166 You must set this flag on the store-gateway and querier.
167
168 You can override the store-gateway shard size on a per-tenant basis by setting `store_gateway_tenant_shard_size` in the overrides section of the runtime configuration.
169
170 For more information about the store-gateway, refer to [store-gateway](../../reference-pyroscope-architecture/components/store-gateway/).
171
172 ### Compactor shuffle sharding
173
174 By default, tenant blocks can be compacted by any Grafana Pyroscope compactor.
175
176 When you enable compactor shuffle sharding by setting `-compactor.compactor-tenant-shard-size` (or its respective YAML configuration option) to a value higher than `0` and lower than the number of available compactors, only the specified number of compactors are eligible to compact blocks for a given tenant.
177
178 You can override the compactor shard size on a per-tenant basis setting by `compactor_tenant_shard_size` in the overrides section of the runtime configuration.
179
180 ### Shuffle sharding impact to the KV store
181
182 Shuffle sharding does not add additional overhead to the KV store.

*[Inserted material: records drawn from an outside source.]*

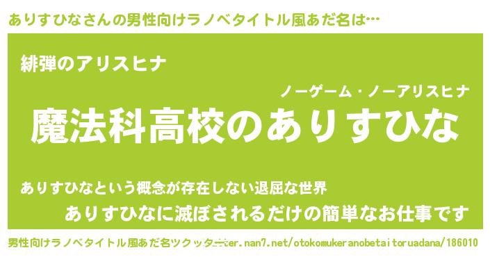 | 女子向けラノベタイトル風あだ名 | 『ありすひななんてお断りですっ。』 |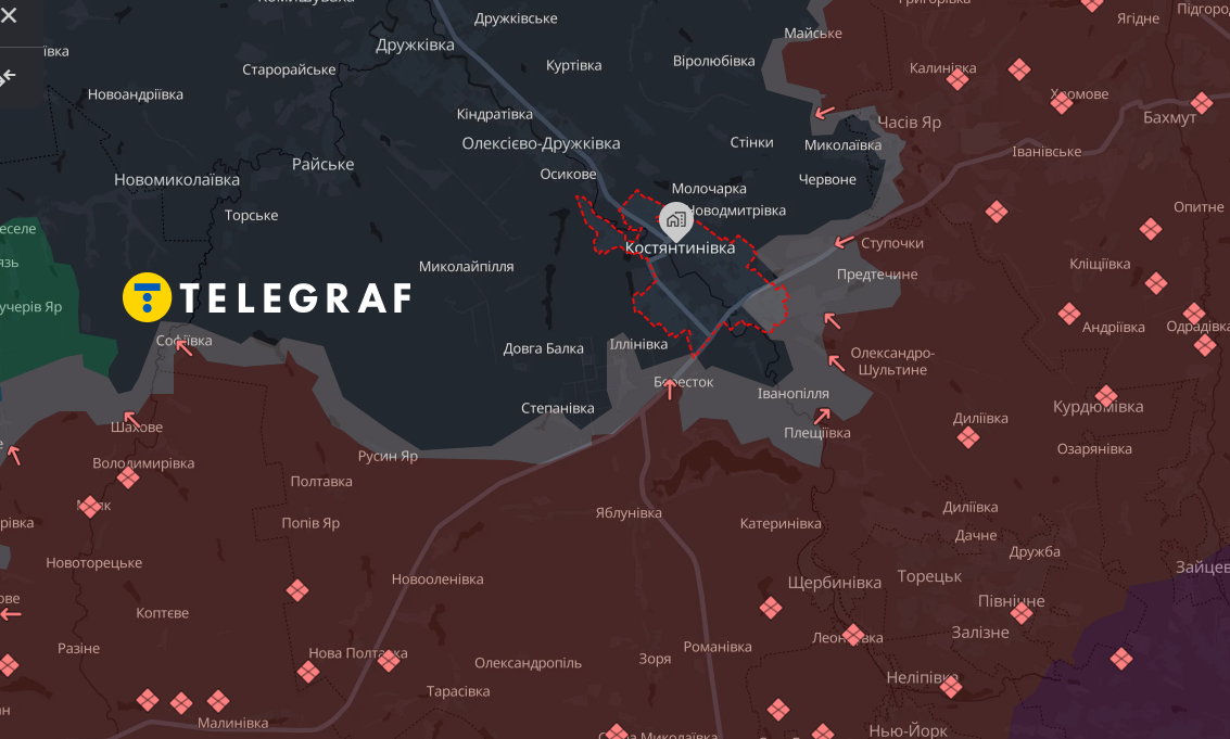 Эксперт отметил, что в районе Константиновки замечено фронтальное давление, проникновение малых штурмовых групп, а также бои в городской застройке. Они происходят также и в районах железнодорожной инфраструктуры. И это угроза дальнейшего продвижения прямо в районе жилой застройки. Кроме того сообщается о попытках давления с флангов.
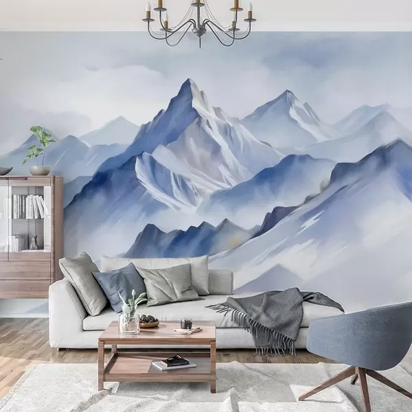 Fototapetes Teksturēti sniegotie kalni ar maigu akvareļa efektu un zilo un balto krāsu paleti Nr. w09630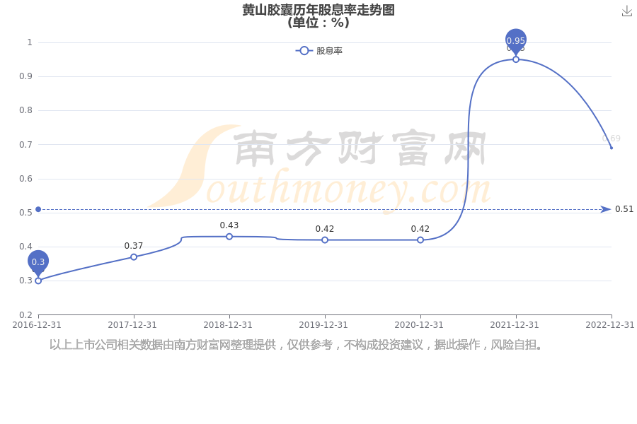 近年黄山胶囊年度股息率走势如下图: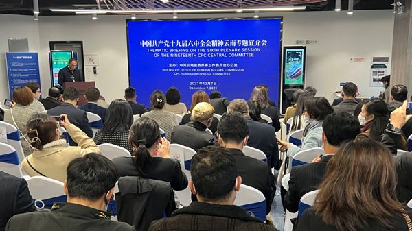 2021年12月7日,根据云南省科技厅的推荐和安排,学校对外合作交流处组织外籍专家、教师一行五人参加了由中共云南省委外办主办的“中国共产党第十九届中央委员会第六次全体会议精神云南专题宣介会”系列活动。

183 Shards are computed client-side and are not stored in the ring.
184 KV store sizing depends primarily on the number of replicas of any component that uses the ring, for example, ingesters, and the number of tokens per replica.
185
186 However, in some components, each tenant's shard is cached in-memory on the client-side, which might slightly increase their memory footprint. Increased memory footprint can happen mostly in the distributor.